§ Work to be completed: When the line containing "Мел цветной для" is found in the data below, copy it and each line after it through the line containing "ជំទាវទី១ របស់សហរដ្ឋអាមេរិក គឺលោកស្រី", exactly and with no others.

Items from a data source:
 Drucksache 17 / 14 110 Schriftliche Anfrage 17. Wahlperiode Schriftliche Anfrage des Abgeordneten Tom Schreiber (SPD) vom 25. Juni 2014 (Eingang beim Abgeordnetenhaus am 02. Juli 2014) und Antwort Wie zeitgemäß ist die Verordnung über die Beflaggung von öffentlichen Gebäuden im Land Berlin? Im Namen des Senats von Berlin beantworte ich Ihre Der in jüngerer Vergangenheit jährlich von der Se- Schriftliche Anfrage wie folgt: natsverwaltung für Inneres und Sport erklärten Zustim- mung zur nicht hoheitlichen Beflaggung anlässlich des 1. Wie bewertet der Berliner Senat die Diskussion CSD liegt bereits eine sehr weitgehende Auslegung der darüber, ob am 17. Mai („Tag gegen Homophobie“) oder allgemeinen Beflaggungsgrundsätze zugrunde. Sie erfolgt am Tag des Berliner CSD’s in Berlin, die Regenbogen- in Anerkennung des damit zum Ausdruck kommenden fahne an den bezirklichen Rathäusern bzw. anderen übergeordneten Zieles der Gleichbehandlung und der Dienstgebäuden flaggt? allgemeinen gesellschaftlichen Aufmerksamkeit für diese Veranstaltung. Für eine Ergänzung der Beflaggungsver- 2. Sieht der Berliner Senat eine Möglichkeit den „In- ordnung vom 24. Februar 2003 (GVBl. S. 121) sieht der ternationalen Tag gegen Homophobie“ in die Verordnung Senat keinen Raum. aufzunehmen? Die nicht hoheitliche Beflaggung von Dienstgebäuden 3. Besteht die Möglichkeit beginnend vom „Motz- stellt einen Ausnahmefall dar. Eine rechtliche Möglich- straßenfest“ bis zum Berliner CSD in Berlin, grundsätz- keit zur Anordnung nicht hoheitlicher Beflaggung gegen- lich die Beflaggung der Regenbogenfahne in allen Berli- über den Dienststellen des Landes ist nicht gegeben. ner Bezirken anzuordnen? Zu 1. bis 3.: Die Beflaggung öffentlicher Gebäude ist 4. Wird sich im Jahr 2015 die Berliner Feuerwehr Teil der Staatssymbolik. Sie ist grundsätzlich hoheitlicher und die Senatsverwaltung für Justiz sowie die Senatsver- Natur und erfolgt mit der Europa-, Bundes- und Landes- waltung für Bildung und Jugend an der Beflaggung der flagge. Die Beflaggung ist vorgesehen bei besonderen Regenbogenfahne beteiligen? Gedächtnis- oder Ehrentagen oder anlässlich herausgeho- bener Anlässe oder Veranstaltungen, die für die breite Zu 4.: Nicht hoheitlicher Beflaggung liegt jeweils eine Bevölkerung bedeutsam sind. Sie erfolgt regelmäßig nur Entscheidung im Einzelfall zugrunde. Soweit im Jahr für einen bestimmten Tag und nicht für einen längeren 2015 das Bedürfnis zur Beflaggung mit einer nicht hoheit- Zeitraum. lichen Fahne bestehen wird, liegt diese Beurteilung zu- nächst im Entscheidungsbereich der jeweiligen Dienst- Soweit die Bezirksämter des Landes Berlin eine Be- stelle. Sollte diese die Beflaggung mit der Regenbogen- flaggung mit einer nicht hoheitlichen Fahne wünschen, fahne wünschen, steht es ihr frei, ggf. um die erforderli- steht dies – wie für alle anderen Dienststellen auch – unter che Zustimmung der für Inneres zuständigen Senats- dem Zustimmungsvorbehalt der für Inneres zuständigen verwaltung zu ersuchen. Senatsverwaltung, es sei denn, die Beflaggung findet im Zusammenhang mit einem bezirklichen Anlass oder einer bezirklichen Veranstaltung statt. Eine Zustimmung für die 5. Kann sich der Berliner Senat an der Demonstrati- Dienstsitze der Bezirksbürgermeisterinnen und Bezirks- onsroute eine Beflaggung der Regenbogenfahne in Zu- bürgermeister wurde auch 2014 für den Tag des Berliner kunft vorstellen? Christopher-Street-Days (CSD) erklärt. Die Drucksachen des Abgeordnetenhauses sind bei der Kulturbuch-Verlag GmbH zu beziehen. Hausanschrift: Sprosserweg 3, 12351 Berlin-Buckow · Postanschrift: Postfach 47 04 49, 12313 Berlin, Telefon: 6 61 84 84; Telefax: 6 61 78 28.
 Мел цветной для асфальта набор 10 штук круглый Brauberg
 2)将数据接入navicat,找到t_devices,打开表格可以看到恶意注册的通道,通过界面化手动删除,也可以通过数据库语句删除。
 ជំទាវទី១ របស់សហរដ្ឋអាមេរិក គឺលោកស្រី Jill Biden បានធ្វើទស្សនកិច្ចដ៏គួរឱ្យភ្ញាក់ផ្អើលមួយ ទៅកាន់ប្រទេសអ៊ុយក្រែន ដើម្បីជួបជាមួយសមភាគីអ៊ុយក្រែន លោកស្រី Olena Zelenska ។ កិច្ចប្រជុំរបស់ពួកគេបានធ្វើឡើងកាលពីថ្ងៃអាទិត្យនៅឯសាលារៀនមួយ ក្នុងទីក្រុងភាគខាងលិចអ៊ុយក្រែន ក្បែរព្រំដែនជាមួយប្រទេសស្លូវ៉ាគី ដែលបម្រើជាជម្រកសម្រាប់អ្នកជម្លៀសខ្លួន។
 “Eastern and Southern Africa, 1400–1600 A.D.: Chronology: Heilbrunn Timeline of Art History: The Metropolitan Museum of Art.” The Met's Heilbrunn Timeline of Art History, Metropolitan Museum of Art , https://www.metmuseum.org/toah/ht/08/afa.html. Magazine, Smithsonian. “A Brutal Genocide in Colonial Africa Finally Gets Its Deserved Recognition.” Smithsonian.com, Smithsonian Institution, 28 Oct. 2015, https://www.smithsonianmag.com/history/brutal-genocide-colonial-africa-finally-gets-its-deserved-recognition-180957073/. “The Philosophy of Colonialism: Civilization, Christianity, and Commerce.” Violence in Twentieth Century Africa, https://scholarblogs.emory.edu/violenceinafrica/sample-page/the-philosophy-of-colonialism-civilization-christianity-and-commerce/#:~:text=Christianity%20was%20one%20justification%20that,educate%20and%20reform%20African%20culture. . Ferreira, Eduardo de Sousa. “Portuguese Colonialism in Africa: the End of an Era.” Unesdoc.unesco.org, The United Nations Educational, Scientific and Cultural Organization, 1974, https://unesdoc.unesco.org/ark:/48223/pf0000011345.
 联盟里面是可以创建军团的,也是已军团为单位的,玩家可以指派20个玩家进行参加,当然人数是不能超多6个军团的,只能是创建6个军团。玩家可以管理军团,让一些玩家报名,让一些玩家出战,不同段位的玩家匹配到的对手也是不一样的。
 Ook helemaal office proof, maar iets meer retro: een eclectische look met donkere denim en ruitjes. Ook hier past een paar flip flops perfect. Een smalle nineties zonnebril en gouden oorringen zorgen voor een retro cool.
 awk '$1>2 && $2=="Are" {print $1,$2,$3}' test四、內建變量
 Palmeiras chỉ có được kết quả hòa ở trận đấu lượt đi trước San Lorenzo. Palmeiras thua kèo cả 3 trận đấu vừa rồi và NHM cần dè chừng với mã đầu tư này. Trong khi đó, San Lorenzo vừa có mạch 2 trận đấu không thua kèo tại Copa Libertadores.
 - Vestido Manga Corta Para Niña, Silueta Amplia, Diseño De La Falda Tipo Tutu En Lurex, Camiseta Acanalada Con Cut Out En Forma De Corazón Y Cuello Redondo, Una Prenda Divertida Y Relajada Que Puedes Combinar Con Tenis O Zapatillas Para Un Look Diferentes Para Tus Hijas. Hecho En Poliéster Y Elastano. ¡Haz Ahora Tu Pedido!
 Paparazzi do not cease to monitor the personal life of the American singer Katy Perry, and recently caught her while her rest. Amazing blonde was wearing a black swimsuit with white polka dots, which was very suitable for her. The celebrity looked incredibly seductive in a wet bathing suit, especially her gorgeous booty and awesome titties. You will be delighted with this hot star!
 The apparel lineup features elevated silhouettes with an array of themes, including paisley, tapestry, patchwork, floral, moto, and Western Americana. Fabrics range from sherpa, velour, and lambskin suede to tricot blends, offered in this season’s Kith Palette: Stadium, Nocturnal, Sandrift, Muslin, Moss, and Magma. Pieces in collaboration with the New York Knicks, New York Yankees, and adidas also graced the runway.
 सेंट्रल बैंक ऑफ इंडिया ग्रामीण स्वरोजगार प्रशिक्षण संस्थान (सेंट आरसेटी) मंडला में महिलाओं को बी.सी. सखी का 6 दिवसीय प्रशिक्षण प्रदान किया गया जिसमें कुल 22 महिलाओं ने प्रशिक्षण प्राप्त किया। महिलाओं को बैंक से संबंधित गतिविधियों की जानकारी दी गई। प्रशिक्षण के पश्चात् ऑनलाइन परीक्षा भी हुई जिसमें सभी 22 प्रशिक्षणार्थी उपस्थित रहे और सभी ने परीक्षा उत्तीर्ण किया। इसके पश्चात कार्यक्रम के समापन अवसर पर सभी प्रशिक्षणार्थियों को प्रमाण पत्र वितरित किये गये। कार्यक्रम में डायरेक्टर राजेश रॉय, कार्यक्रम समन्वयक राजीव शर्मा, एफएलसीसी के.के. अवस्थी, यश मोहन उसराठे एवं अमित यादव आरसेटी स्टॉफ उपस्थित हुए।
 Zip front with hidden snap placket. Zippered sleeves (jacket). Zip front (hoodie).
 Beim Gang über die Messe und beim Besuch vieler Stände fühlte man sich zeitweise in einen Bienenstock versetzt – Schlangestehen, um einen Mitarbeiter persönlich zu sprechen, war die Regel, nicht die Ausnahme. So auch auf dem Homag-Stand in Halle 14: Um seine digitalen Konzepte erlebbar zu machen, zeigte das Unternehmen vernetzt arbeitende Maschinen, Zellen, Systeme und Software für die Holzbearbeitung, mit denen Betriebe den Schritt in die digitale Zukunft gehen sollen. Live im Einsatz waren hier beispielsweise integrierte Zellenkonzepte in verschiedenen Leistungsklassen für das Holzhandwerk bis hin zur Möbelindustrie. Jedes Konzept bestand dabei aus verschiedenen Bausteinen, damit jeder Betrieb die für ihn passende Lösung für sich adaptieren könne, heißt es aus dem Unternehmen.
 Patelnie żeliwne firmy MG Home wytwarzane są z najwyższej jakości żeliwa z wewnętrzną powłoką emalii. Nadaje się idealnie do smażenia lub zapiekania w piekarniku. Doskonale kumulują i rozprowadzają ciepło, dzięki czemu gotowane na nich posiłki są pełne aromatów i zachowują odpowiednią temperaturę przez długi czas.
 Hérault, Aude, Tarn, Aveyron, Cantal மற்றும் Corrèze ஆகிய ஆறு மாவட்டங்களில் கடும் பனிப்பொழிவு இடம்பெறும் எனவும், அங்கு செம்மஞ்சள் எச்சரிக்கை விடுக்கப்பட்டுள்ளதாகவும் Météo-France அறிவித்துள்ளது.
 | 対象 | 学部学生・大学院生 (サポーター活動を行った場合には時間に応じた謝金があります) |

§ Exercise solution:
 Мел цветной для асфальта набор 10 штук круглый Brauberg
 2)将数据接入navicat,找到t_devices,打开表格可以看到恶意注册的通道,通过界面化手动删除,也可以通过数据库语句删除。
 ជំទាវទី១ របស់សហរដ្ឋអាមេរិក គឺលោកស្រី Jill Biden បានធ្វើទស្សនកិច្ចដ៏គួរឱ្យភ្ញាក់ផ្អើលមួយ ទៅកាន់ប្រទេសអ៊ុយក្រែន ដើម្បីជួបជាមួយសមភាគីអ៊ុយក្រែន លោកស្រី Olena Zelenska ។ កិច្ចប្រជុំរបស់ពួកគេបានធ្វើឡើងកាលពីថ្ងៃអាទិត្យនៅឯសាលារៀនមួយ ក្នុងទីក្រុងភាគខាងលិចអ៊ុយក្រែន ក្បែរព្រំដែនជាមួយប្រទេសស្លូវ៉ាគី ដែលបម្រើជាជម្រកសម្រាប់អ្នកជម្លៀសខ្លួន។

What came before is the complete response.